А Виктор с Николаем... Никогда не сказал бы, что такие могут подружиться. Матюнин — анекдотчик и заядлый футболист. Мирошниченко в отличие от друга строен, красив, деликатен до застенчивости. Когда Виктор первый срывается в хохот от своих простецких грубоватых шуток и рассказанных историй, Николай морщится, словно у него приступ зубной боли. И хотя их водой не разольешь, по характеру, они совершенно разные и нередко спорят друг с другом.

Матюнину так и неймется что-нибудь затеять. Он и сейчас, предвкушая удовольствие, подстрекает Ерохина.

— Давай, профессор, рассказывай!

Профессором Ерохина прозвали не зря: в авиацию его призвали с институтской скамьи, да, кроме того, Леня постоянно носит с собой в планшете или в руке книги. Чаще всего по математике. Он где можно и даже где нельзя решает свои задачки. Однажды так увлекся, читая на ходу, что чуть не налетел возле штаба на комбрига Короля. Батя молча взял у него из рук книгу, снисходительно повертел ее в руках, молча же вернул. После этой встречи стал Ерохин читать летчикам бригады лекции по высшей математике.

— Давай, профессор! — Матюнин нетерпелив.

— Ну вот, — начинает Ерохин. — Поехали мы с Женькой в город. Сначала я поднял его культурный уровень в центральном кинотеатре, потом вывел в парк. Смотрю: блондиночка стоит...

— Ну-ну, — торопит Матюнин. — Что дальше?

— Дальше — вот! — Ерохин театральным жестом указывает на меня. — Был человек — и нету.

— Трагический случай, — тоном врача заключает Осипенко. — Я-то знаю...

— Во-во! — отзывается Матюнин. — Сказывается твой почин...

Слава богу, внимание перешло на другую историю. Не так давно в нашем военном городке появилась летчица. Всеобщее обозрение состоялось в столовой. Все неприкрыто поглядывали на фею в гимнастерке, галифе и сапогах, один я сразу и запросто подошел.

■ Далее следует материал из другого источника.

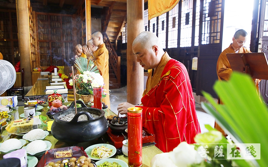 菩萨在线浙江讯 8月22日(农历七月十五),佛欢喜日,安吉北天目灵峰讲寺依照佛教仪规举行盂兰盆法会,供佛斋僧,超荐众生累世宗亲,以此功德回向十方法界一切有情,并祈世界和平,风调雨顺。

— Здравствуй! — обрадовалась она. — А я смотрю: хоть бы знакомое лицо. Знаешь, пока ребята привыкнут, чувствуешь себя белой вороной.

За то время, что прошло после Качинской авиашколы, где мы вместе учились, Полина стала иной. Вид теперь боевой, уверенный, этакая девушка-гусар. Даже подстрижена под мальчишку.

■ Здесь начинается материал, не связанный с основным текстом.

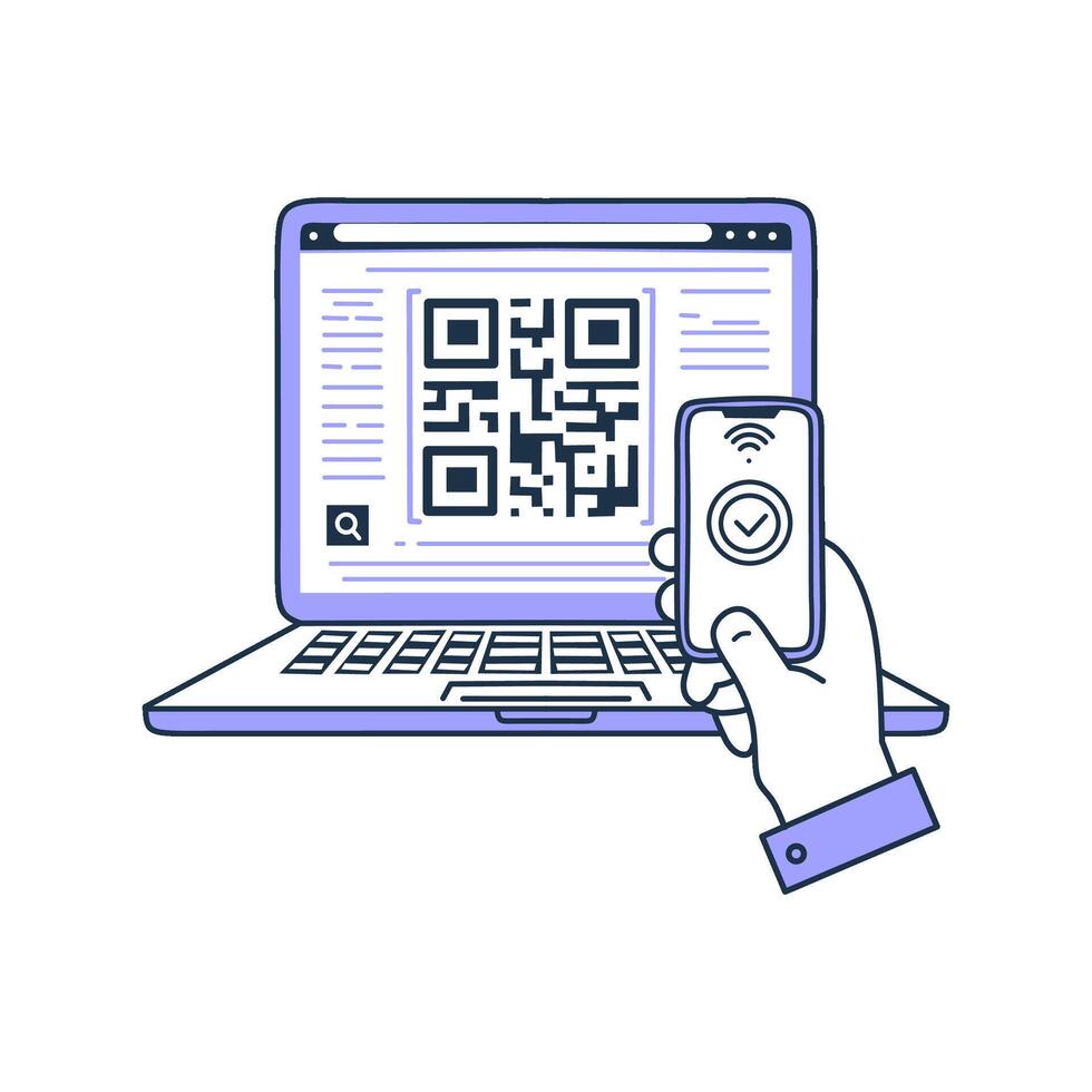 Mobile QR code scan on laptop. Hand holds phone, scans screen. Digital payment, online access. Modern tech, bright scene Pro Vector

— А начинала свой путь в небо издалека — надев белый фартучек с маленькой голубой эмблемкой нашей училищной столовой. Кажется, не была она тогда такой рослой, крепкой и решительной, хотя, конечно, такой и была — только заслонялось все это для нас чем-то другим. Платьем, что ли, в цветочках, бантиком на груди? А скорее всего — той скромной манерой держать себя, когда человек еще присматривается на новом месте.

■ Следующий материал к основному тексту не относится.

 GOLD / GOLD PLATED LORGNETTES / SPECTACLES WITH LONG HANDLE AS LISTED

Потом Полина заболела небом. В ней проснулась настойчивость, да такая, что она извела ею начальство от Качи до Москвы, пока не разрешили ей стать курсантом авиашколы...

— Ну, я пойду, — сказала она тогда, резко встала, красиво надела пилотку и уверенным командирским шагом направилась к выходу.

Меня обступили: кто такая? Откуда? Где познакомились? Незамужем?.. Один только Саша Осипенко не расспрашивал. Саша — человек дела.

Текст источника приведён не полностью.